Problem to solve - Pictures are to be left out, and only the lines from the one with "中方和刚果(金)员工围聚一起" through the last line of the listing below are to be repeated exactly.

Recorded information -
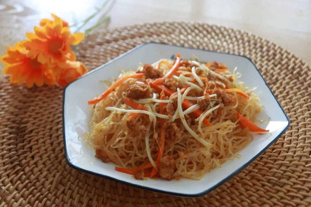 三鲜拌米粉、番茄鲜肉汤、盐水毛豆
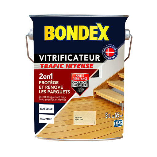 Protège et rénove les parquets et escaliers. Direct parquets et escaliers en bois brut, stratifiés et vitrifiés, neufs ou anciens. Idéal pour les endroits soumis aux passages répétés (escaliers, entrées, couloirs, séjours…).
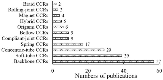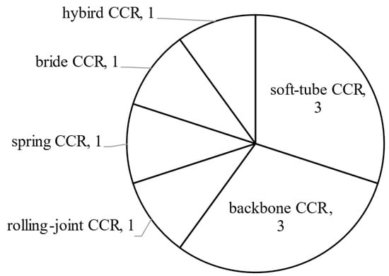 CCRs are divided into eleven types according to basic transmission units, as shown in Figure 3. Soft-tube CCRs belong to soft CCRs, while others belong to semi-soft CCRs. Backbone, soft-tube, concentric-tube and spring CCRs account for a large proportion, followed by compliant-joint, bellow, origami and hybrid CCRs, and the rest of the types are analysed by researchers recently. Their characteristics and problems are summarised in Table 2, which are detailed in the following Sections.
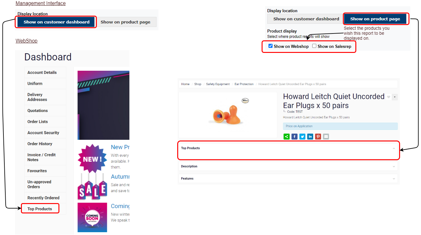You can provide access to your customers to Custom Reports in either the WebShop Dashboard menu or as a tab on a product page. Additionally, for product reports, you can specify where (WebShop and/or SalesRep) the custom report is displayed.
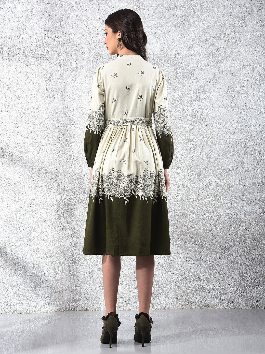 Olive Floral Print V-Neck A-Line Dress With Belt
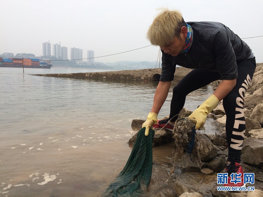 2016年12月3日,“三峽蟻工”組織發(fā)起人李年邦在江灘邊撿垃圾。2016年10月,在李年邦的發(fā)起下,“三峽蟻工”志愿者組織正式成立,300多名固定成員成為長(zhǎng)江垃圾清理的主力軍,他們以“保護(hù)長(zhǎng)江母親河”為口號(hào),每逢周末和法定節(jié)假日都會(huì)自發(fā)組織在長(zhǎng)江岸邊撿拾垃圾。 新華社記者 王自宸 攝
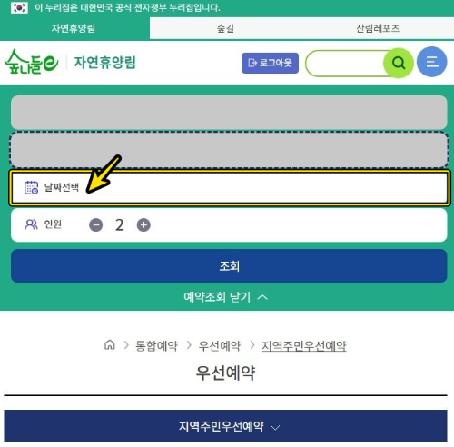 PC로 이용할 경우 숲나들e 공식 홈페이지를 통해 간편하게 수락 휴 트리하우스를 예약할 수 있습니다.
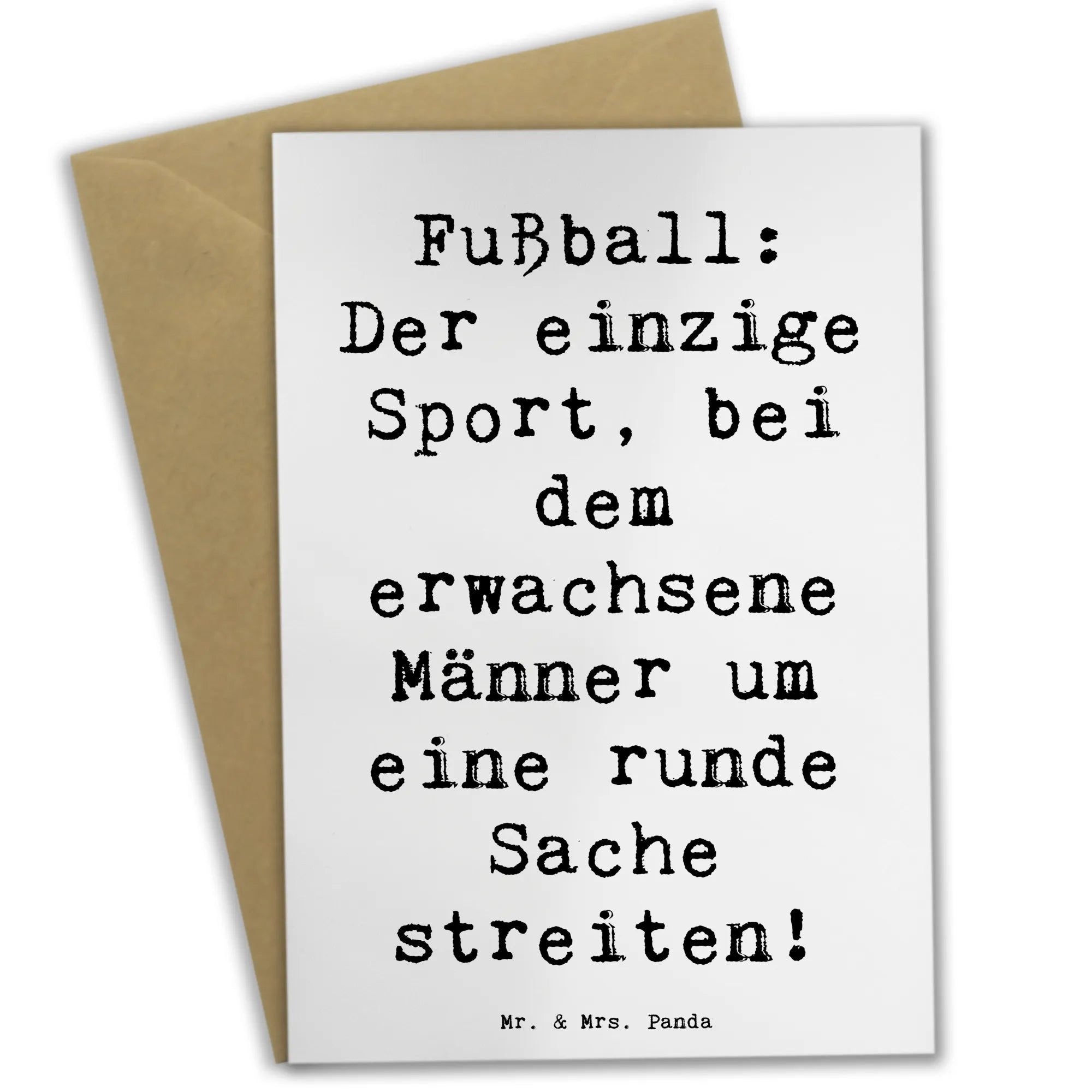 Die wunderschöne Grußkarte "Fußball: Der einzige Sport, bei dem erwachsene Männer um eine runde Sache streiten!" von Mr. & Mrs. Panda ist das perfekte Geschenk für jeden Fußballfan! Egal ob zum Geburtstag, zu Hochzeiten oder einfach nur so, diese Karte bringt mit ihrem humorvollen Spruch ein Lächeln auf jedes Gesicht.
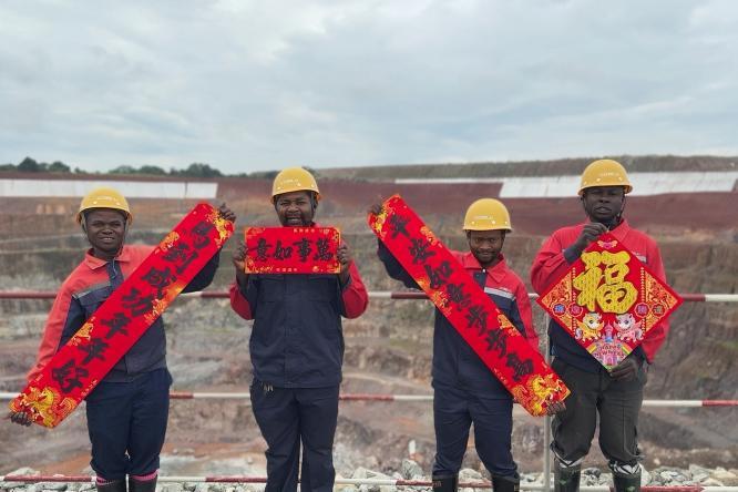 中方和刚果(金)员工围聚一起,贴春联、挂灯笼、装彩灯,一张张笑脸映着喜庆的红灯笼,空气中处处弥漫着浓浓的年味。刚果(金)当地员工恩戈伊掏出手机,对准红灯笼和身边的伙伴,将这份跨越国界的喜庆与温情,定格在镜头里。
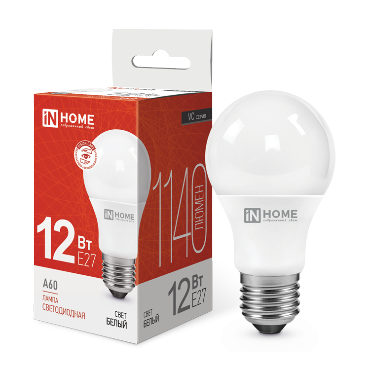 IN HOME 4690612020242 Лампа светод. груша 12Вт Е27 4000К

Your solution -
 中方和刚果(金)员工围聚一起,贴春联、挂灯笼、装彩灯,一张张笑脸映着喜庆的红灯笼,空气中处处弥漫着浓浓的年味。刚果(金)当地员工恩戈伊掏出手机,对准红灯笼和身边的伙伴,将这份跨越国界的喜庆与温情,定格在镜头里。
 IN HOME 4690612020242 Лампа светод. груша 12Вт Е27 4000К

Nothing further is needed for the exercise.